Stored dataset items:
Segment Open

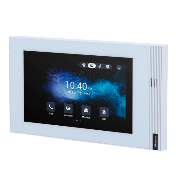 Monitor Linux per videocitofono. Schermo TFT di 7". Audio bidirezionale Crystal Clear | Easy UI. TCP/IP, PoE, SIP standard. Manutenzione tramite Cloud. Collegamento monitor e postazione esterna tramite Cloud
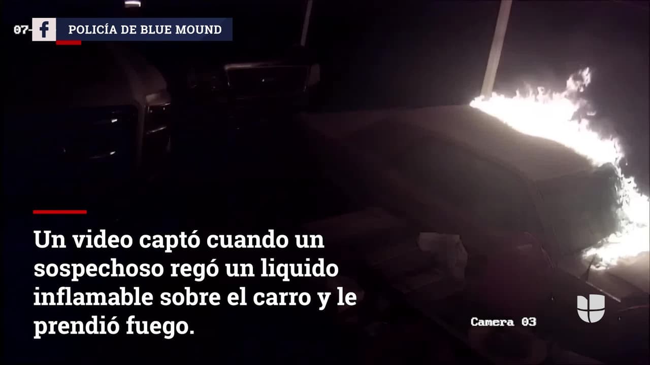 Buscan a sospechoso de prender fuego a un carro estacionado en una cochera en Blue Mound
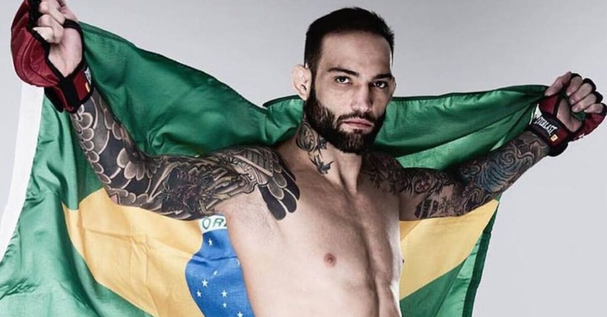 A imagem ilustra o lutador Guilherme Bomba segurando a bandeira do Brasil. Foto: Reprodução/Redes Sociais
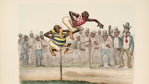 [Image:Currier and Ives. Detail of lithographic print from the Darktown Series, 1882-1893. Caption: “Darktown Athletics—A Running High Jump. Match between the darktown grasshopper and the blackville frog.” These hand-colored lithographs are part of a series created by Currier and Ives called the Darktown Series. The company made the prints between 1879 and 1893. With over 100 scenes in the theme, it was among the most popular and best-selling series that Currier and Ives produced.]
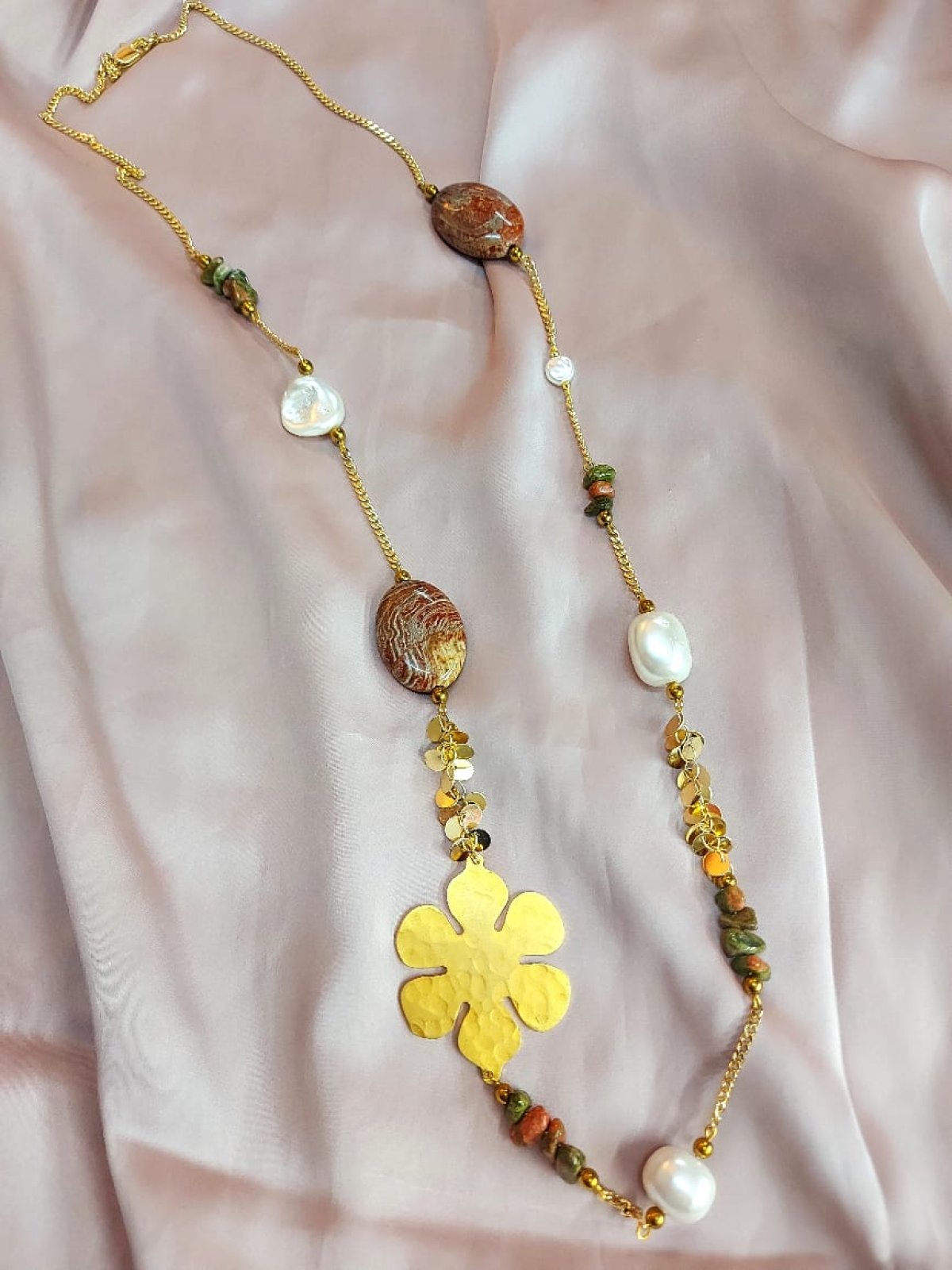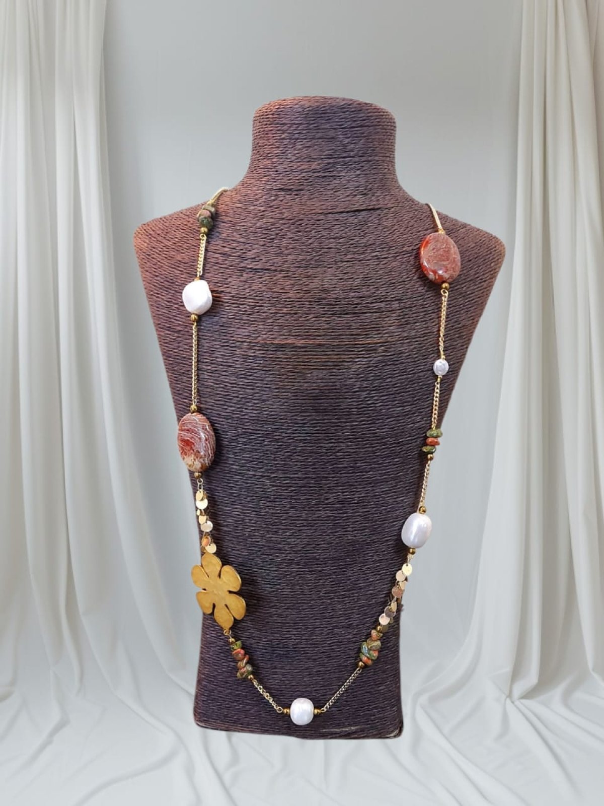عقد طويل من احجار العقيق والجاسبر واللولى الشل بيرل بدلايه نحاس بيور مطلى دهب وسلاسل دهب صينى جولد
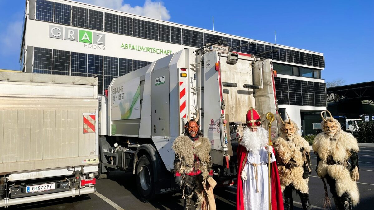 Hohen Besuch hatten unser Ressourcenpark Graz und unsere Abfallwirtschaft am 5. Dezember – da wurde er nämlich von einem Nikolo auf- und drei Krampussen heimgesucht. Das Ganze diente aber einem guten Zweck!
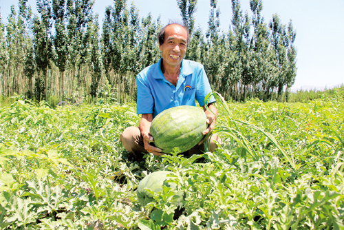 7月10日,原平市西南家村村民楊海文正在為客人采摘西瓜,忙著銷售。盛夏時(shí)節(jié),原平市西瓜大部分已經(jīng)成熟,進(jìn)入了銷售期,瓜農(nóng)采取自銷和經(jīng)紀(jì)人外銷等方式,拓寬銷售渠道,加快銷售進(jìn)度,有效提升了西瓜變現(xiàn)能力,實(shí)現(xiàn)了增產(chǎn)又增收。(吉建平 攝)
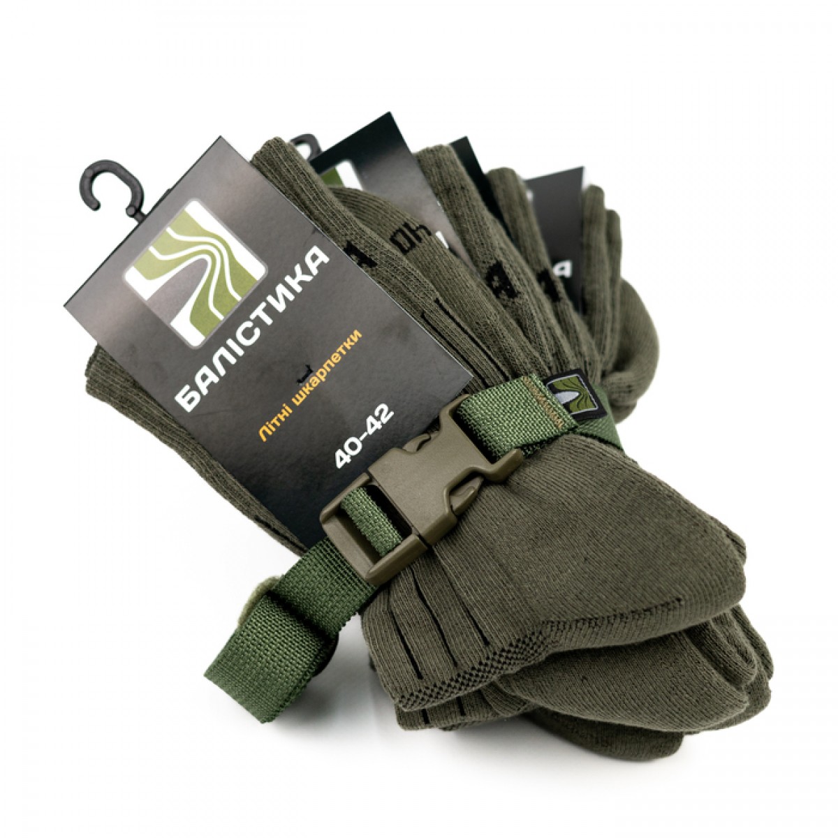 Одним із найважливіших факторів продуктивності для військового є комфорт ніг. Тому не варто недооцінювати вибір якісних шкарпеток, які здатні суттєво вплинути на загальне самопочуття і витривалість. Літні шкарпетки від «Балістики» розроблені й протестовані для використання в складних польових умовах. Завдяки збалансованому складу та особливому плетінню вони забезпечують потовідведення, підтримують оптимальну температуру, запобігають натиранням і мозолям. Особливості товару До переваг наших трекінгових шкарпеток належать такі: Бавовна забезпечує м’якість та повітропроникність, поліамід надає міцність та зносостійкість, а еластан гарантує гарне прилягання до ноги. Зони з найбільшим навантаженням – п’ята та мисок – зміцнені нейлоновою ниткою для протидії протиранню. А отже, шкарпетки прослужать довше. Широка фіксувальна резинка з посиленим подвійним бортом сприяє щільній посадці на гомілці та запобігає сповзанню шкарпеток. Наявні кілька зон вентиляції для кращої терморегуляції та зручний поперечний бандаж для надійної фіксації на стопі. Амортизаційне махрове плетіння на ступні поглинає удари під час ходи чи бігу, а це зменшує втомлюваність ніг. Ці шкарпетки трішки нижчі штатних, що видаються бійцям ЗСУ, тож не так передавлюють та стискають гомілку. Спеціально розроблені під статутне літнє взуття «Талани». Вигідна пропозиція! Ви можете придбати зручні набори по чотири пари, скріплені стропою олива; стропа в подарунок. Увага! Колір стропи може змінюватись в залежності від наявності на складі Технічні характеристики Склад: 78% – бавовна; 17% – поліамід; 5% – еластан. Сезонність: літні. Призначення: військові, туристичні. Кількість у наборі: 4 пари.Відгуки про Шкарпетки трекінгові "Балістика" комплект 4 пари 40-42

Segment Closed

In the data above, please extract the lines from the first one through the line with "7月10日,原平市西南家村村", exactly, and keep pictures out.

→ **Exercise solution**:
 Monitor Linux per videocitofono. Schermo TFT di 7". Audio bidirezionale Crystal Clear | Easy UI. TCP/IP, PoE, SIP standard. Manutenzione tramite Cloud. Collegamento monitor e postazione esterna tramite Cloud
 Buscan a sospechoso de prender fuego a un carro estacionado en una cochera en Blue Mound
 A imagem ilustra o lutador Guilherme Bomba segurando a bandeira do Brasil. Foto: Reprodução/Redes Sociais
 [Image:Currier and Ives. Detail of lithographic print from the Darktown Series, 1882-1893. Caption: “Darktown Athletics—A Running High Jump. Match between the darktown grasshopper and the blackville frog.” These hand-colored lithographs are part of a series created by Currier and Ives called the Darktown Series. The company made the prints between 1879 and 1893. With over 100 scenes in the theme, it was among the most popular and best-selling series that Currier and Ives produced.]
عقد طويل من احجار العقيق والجاسبر واللولى الشل بيرل بدلايه نحاس بيور مطلى دهب وسلاسل دهب صينى جولد
 Hohen Besuch hatten unser Ressourcenpark Graz und unsere Abfallwirtschaft am 5. Dezember – da wurde er nämlich von einem Nikolo auf- und drei Krampussen heimgesucht. Das Ganze diente aber einem guten Zweck!
 7月10日,原平市西南家村村民楊海文正在為客人采摘西瓜,忙著銷售。盛夏時(shí)節(jié),原平市西瓜大部分已經(jīng)成熟,進(jìn)入了銷售期,瓜農(nóng)采取自銷和經(jīng)紀(jì)人外銷等方式,拓寬銷售渠道,加快銷售進(jìn)度,有效提升了西瓜變現(xiàn)能力,實(shí)現(xiàn)了增產(chǎn)又增收。(吉建平 攝)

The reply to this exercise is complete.